We retrieved the TCGA dataset for lung cancer patients from the Genomic Data Commons data portal (http://www.cbioportal.org/) in April 2019.

Presently, we regard solid and micropapillary-predominant as solid subtype adenocarcinomas and the other subtypes as non-solid adenocarcinomas.

DNA and RNA isolation

Following surgical resection, tumor and adjacent normal tissues were immediately obtained and stored in RNAlater RNA Stabilization Reagent (Thermo Fisher Scientific, Waltham, MA, USA). Peripheral blood mononuclear cells (PBMCs) underwent isolation through density gradient centrifugation with LymphoprepTM (Axis-Shield Poc AS, Oslo, Norway), then were cryopreserved until analysis.

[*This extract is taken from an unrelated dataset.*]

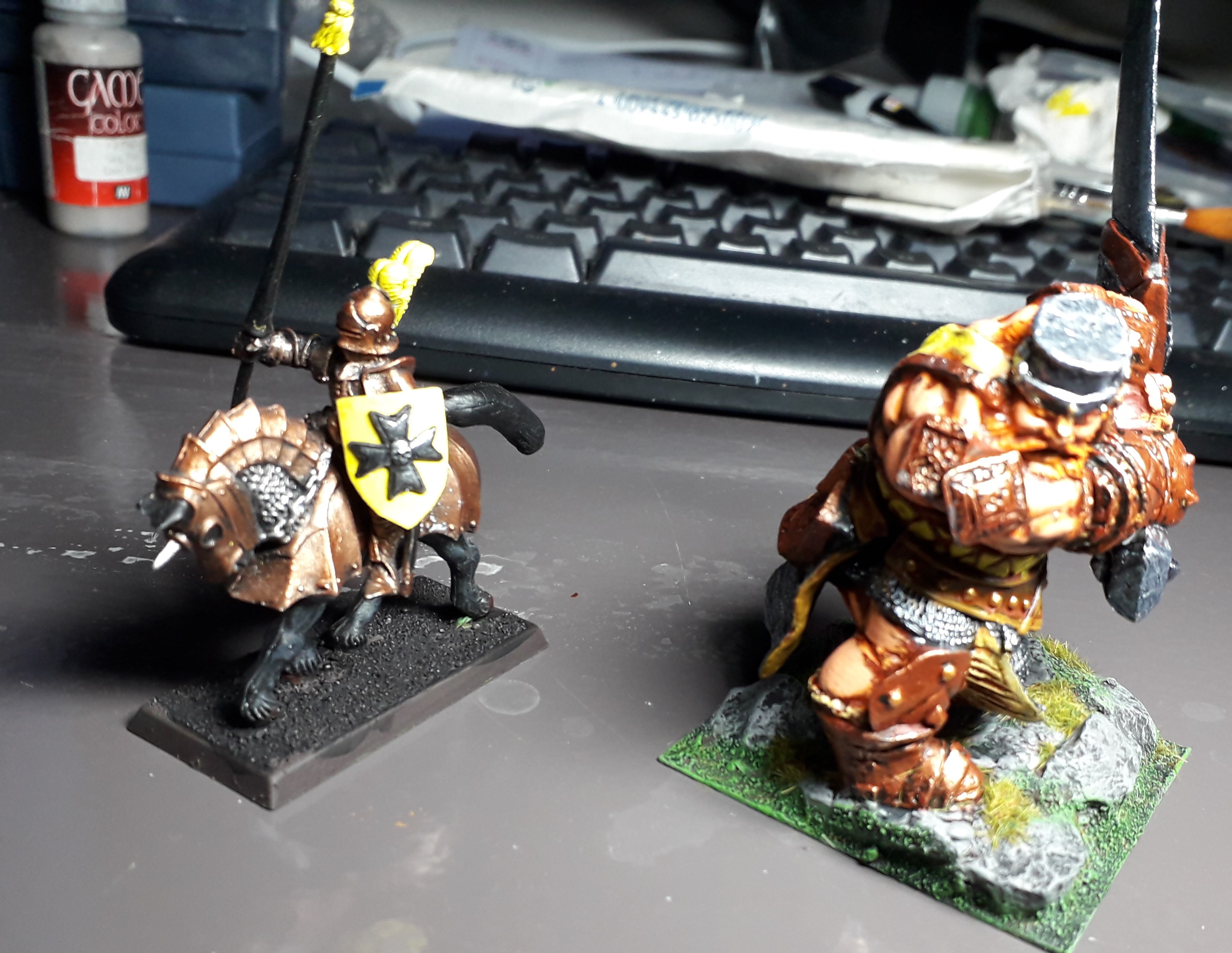 The final result, however, isn;t that bad. The low details make for easy painting and the striking colour scheme help a lot. Here’s a picture of him plus a knight for size.

For DNA extraction, genomic DNA was derived from tumor tissues, matched adjacent normal tissues, or PBMCs using AllPrep DNA/RNA Mini Kits or DNeasy Mini Kits (Qiagen, Hilden, Germany). Total RNA from tumor tissues was extracted using either the AllPrep DNA/RNA Mini Kit or the RNeasy Mini Kit (Qiagen).

Whole exome sequencing (WES) and RNA sequencing (RNA-seq)

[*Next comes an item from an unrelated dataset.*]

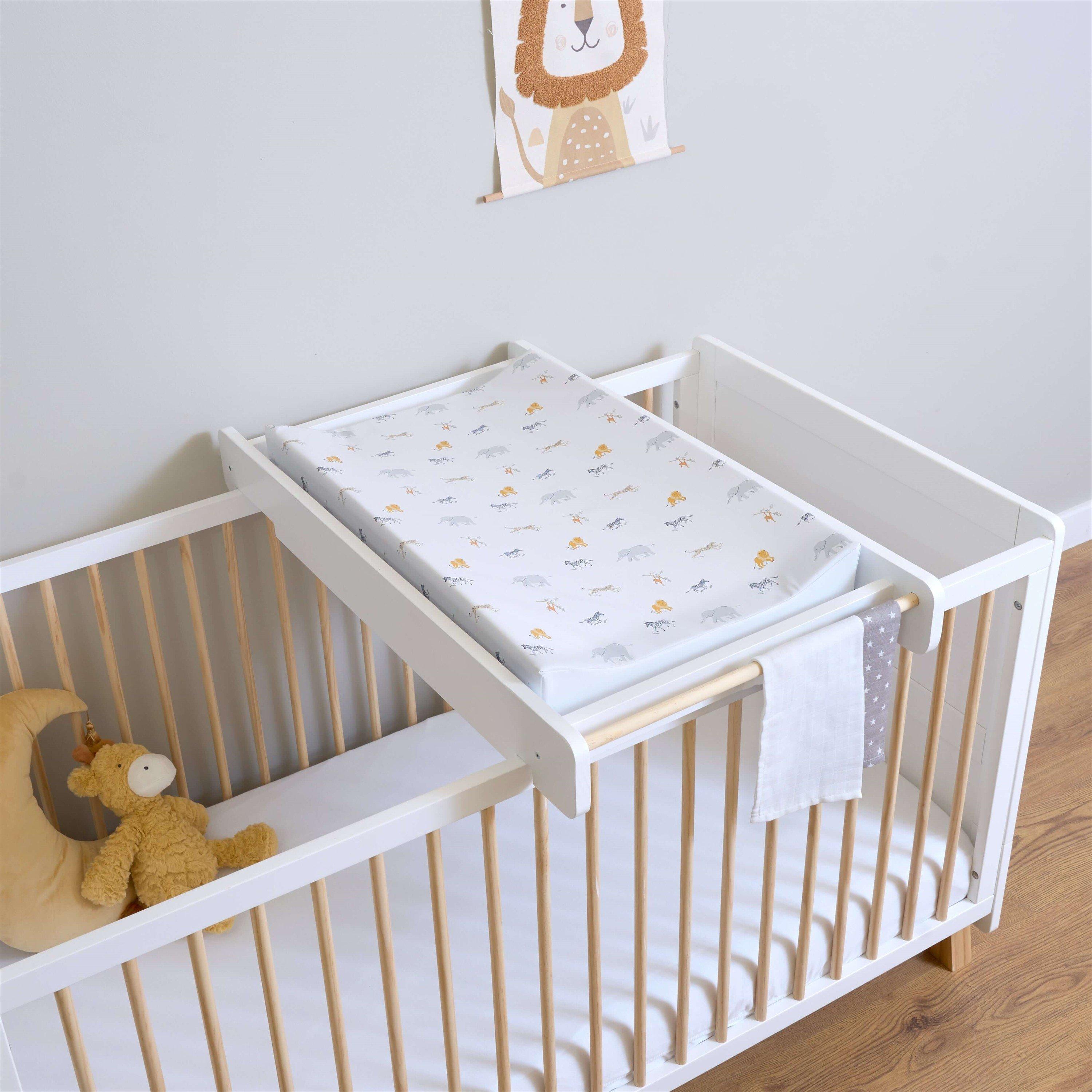 Key Features: · Space-Saving Design: Ideal for smaller nurseries, this cot top changer provides a practical solution for changing your baby without taking up valuable floor space. It fits securely on most cots and cot beds with an external width of 62-76cm.

For WES (n=95), sequencing libraries of genomic DNA from tumors and matched normal tissues or PBMCs were prepared using the SureSelect Human All Exon V6 probe (Agilent Technologies) following the manufacturer’s protocols. The enriched libraries were sequenced into 150-bp paired-end reads on a NovaSeq (Illumina, San Diego, CA, USA) at Veritas Genetics (Danvers, MA, USA). Quality control, including adapter trimming and low-quality read removal, was performed with TrimGalore (https://github.com/FelixKrueger/TrimGalore). WES achieved a mean coverage of 116 for all protein-coding sequences. Exome reads were then independently mapped to the human genome (GRCh38/hg38) using the Burrows-Wheeler Aligner (BWA). Putative somatic mutations were subsequently identified using an Empirical Bayesian mutation-calling algorithm (18).

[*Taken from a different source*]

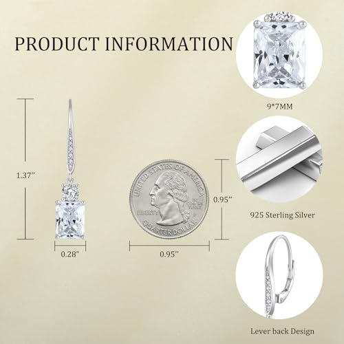 JO WISDOM Women Dangle Earrings,925 Sterling Silver Birthstone Leverback Earrings with 7 * 9mm Valentines Day Gifts for Her Jewelry Mothers Day Christmas Gifts for Women 6

We prepared RNA-seq libraries for 113 samples using the NEBNext^® Ultra™ RNA Library Prep Kit for Illumina^® (New England Biolabs, Ipswich, MA, USA), adhering to the manufacturer’s protocols. These enriched libraries were then sequenced as 150-bp paired-end reads on an Illumina NovaSeq at Veritas Genetics. RNA-seq data analysis was performed with Salmon, while RNA reads were mapped to the GRCh38/hg38 reference genome using BWA. Gene expression was quantified as transcripts per million (TPM) using GENCODE v33.

Single-sample gene set enrichment analysis (ssGSEA)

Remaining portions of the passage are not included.